All too often, landowners and government agencies resort to lethal measures in response to livestock attacks.  While killing an offending predator may provide a temporary solution, it rarely results in any long-term fix.  That is because when, for example, a depredating wolf pack is destroyed, another pack will quickly move in to reclaim the vacant territory, and the cycle of death will simply repeat itself.  In fact, studies suggest that killing carnivores may even lead to more conflicts.  For example, killing a wolf or coyote pack’s experienced hunters could cause the rest of the pack to resort to easier prey such as livestock.  Also, disrupting a pack’s social structure could lead to an increased number of breeding pairs, resulting in more hungry mouths to feed (consider the old adage, “Kill a coyote, and two will show up at its funeral”).

Wednesday, January 15, 2014

Idaho damages its public image as well as its rural economy

Idaho Statesman - Guest Opinion

January 15, 2014 

Read more here:
On a crisp December morning at the edge of the Lamar Valley in Yellowstone National Park, a steady stream of cars flowed to a pullout that was filled with hopeful visitors braving frigid temperatures in the predawn light to catch a glimpse of a pair of wolves that had been feeding on a road-killed bison. We were among the fortunate ones who got a parking spot that morning and were rewarded with a view of the wolves trotting along the creek bank in the early morning light, making for a magical, wild sight.
We returned to our car and soon heard a short news report on the wolf and coyote derby to be held in Salmon. A few days later while reading The New York Times, an editorial titled "wolf haters" negatively portrayed Idaho as it described the upcoming wolf derby, as well as Idaho Fish and Game's recent hiring of a professional wolf killer in the Frank Church-River of No Return Wilderness. The wolf derby not only infuriates the conservation community, but also many hunters interested in promoting ethical, fair and respectful hunting. The conservation community is questioning the legality of the hired hunter as a possible violation of the Wilderness Act. These recent events resulted in worldwide negative publicity for Idaho and have likely alienated potential visitors. Instead, Idaho could capitalize on tourism dollars by promoting the lucrative wolf-watching industry.
Look at Gardiner, Mont., as an example of a rural community benefiting from the presence of wolves. Just outside the north entrance to Yellowstone, we observed a bustling winter economy, largely driven by wolf watchers staying in hotels, patronizing restaurants and hiring wildlife watching outfitters. Couldn't and shouldn't Idaho foster this sustainable form of tourism in its rural communities instead of creating opportunities for the media to depict a state paralyzed by irrational fear and loathing of a predator that is a natural and important part of the state's ecosystems?
Some folks will cite the damage caused by wolves to Idaho's elk herds and livestock, as well as some who espouse the dangers to life and limb of just having predators in our midst, but consider some information that provides a more balanced view of the role of wolves and other wildlife here in Idaho:
• The amount of compensation paid to ranchers and farmers by Idaho Fish and Game related to wolves has been less than the amount of claims paid out for crop losses due to elk.
• Though wolves are vilified for preying on elk, black bears and mountain lions, whose populations far outnumber wolves, are major predators of elk.
• There are no documented cases of a wolf in Idaho injuring or killing a person.

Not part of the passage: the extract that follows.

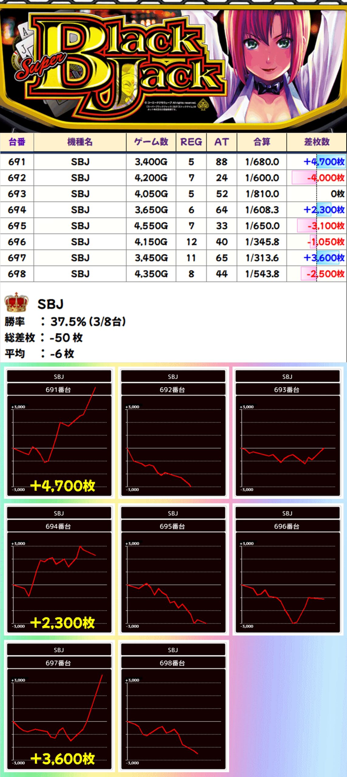 かぶぱポストにヒントがあったSBJは残念ながら不発の台が多く見られる結果に…。それでも。プラスとなった台は、+4700枚、+3600枚、+2300枚とまとまった出玉を獲得しておりました。

However, the Idaho Department of Transportation reports that since 1997, more than 27 human deaths resulted from vehicle collisions, mostly involving deer and elk.
• Other states have greater densities of both people and predators. Minnesota, Wisconsin and Michigan have approximately 2,000, 800 and 700 wolves, respectively. Densely populated New Jersey now has approximately 3,500 black bears. Idaho, on the other hand, appears to be fearfully preoccupied with fewer than 700 wolves.
There is a complex picture of how the wolf fits into Idaho. It's unfortunate that recent publicity has depicted our state as intolerant, disrespectful and ignorant with regard to dealing with this animal.
We need to repair this image, investigate additional ways to coexist, determine whether there are opportunities to embrace the wolf-watching economy in rural Idaho, and ensure that a more balanced picture of the wolf is presented to the country and the world.
Broglino is an environmental professional. Spatz is a scientist with the Department of Interior. They live and work in Boise.

Read more here:

Tuesday, January 14, 2014

Idaho violates the Wilderness Act and wolves die

By Leonard Hitchcock

Where in Idaho can a wolf find a friend? Obviously not among the cattlemen, or the sheep men, and certainly not among the hunters and outfitters, whose credo seems to be: If humans enjoy killing another species, like elk, then they have the right to eliminate any non-human predator that reduces their chances of doing so.
And then there are all those Idahoans who may not feel any particular animosity toward wolves, but for whom wolves symbolize the big, bad federal government’s unwelcome interference in Idaho’s affairs. These are the same people who eagerly help themselves to federal agricultural support payments and tax subsidies and cheap grazing fees for public lands, and snatch at dollars flowing into the state from innumerable other federal programs, but who feel that only Idahoans have a right to control that land within the state that legally belongs to all the citizens of the nation.
When the U.S. Congress – which is to say, the people of this country – passed the Wilderness Act, in 1964, its intentions were perfectly clear. The country was in danger of losing all those areas in which nature alone shaped the landscape and the living things within it: areas that could still remind us of the America that Europeans found several hundred years ago when they appropriated it and began the inexorable process of transforming it to suit their needs and desires; areas in which we can now find solitude and rejuvenation; where we can reestablish contact with the daily rhythms and activities of a living world independent of us, a world in which we are now, of necessity, only visitors, yet one to which we are still attuned because it is akin to the world in which our species evolved.

Monday, January 13, 2014

Idaho Has Changed the Definition of a Wolf “Breeding Pair”

By Ken Cole
The Wildlife News
The Idaho Department of Fish and Game is using a new definition for “breeding pair” that differs from the definition used in the USFWS delisting rule of 2009. This definition is important because it is the primary marker used to determine whether wolves should remain delisted from protections of the Endangered Species Act or not. The state of Idaho seems committed to only maintain the absolute minimum number of breeding pairs it can to keep them from being relisted but Idaho Department of Fish and Game is having a difficult time monitoring wolves and documenting the minimum required number of breeding pairs because there has been such high mortality among collared wolves. This high mortality has caused them to lose contact with many of the packs they are trying to intensively monitor, in turn, it has led to them loosen the criteria they use to determine what constitutes a breeding pair. With the increased effort exhibited by Governor Otter to reduce the population even further, it may become even more difficult for Idaho Department of Fish and Game to conclusively document the minimum required number of breeding pairs.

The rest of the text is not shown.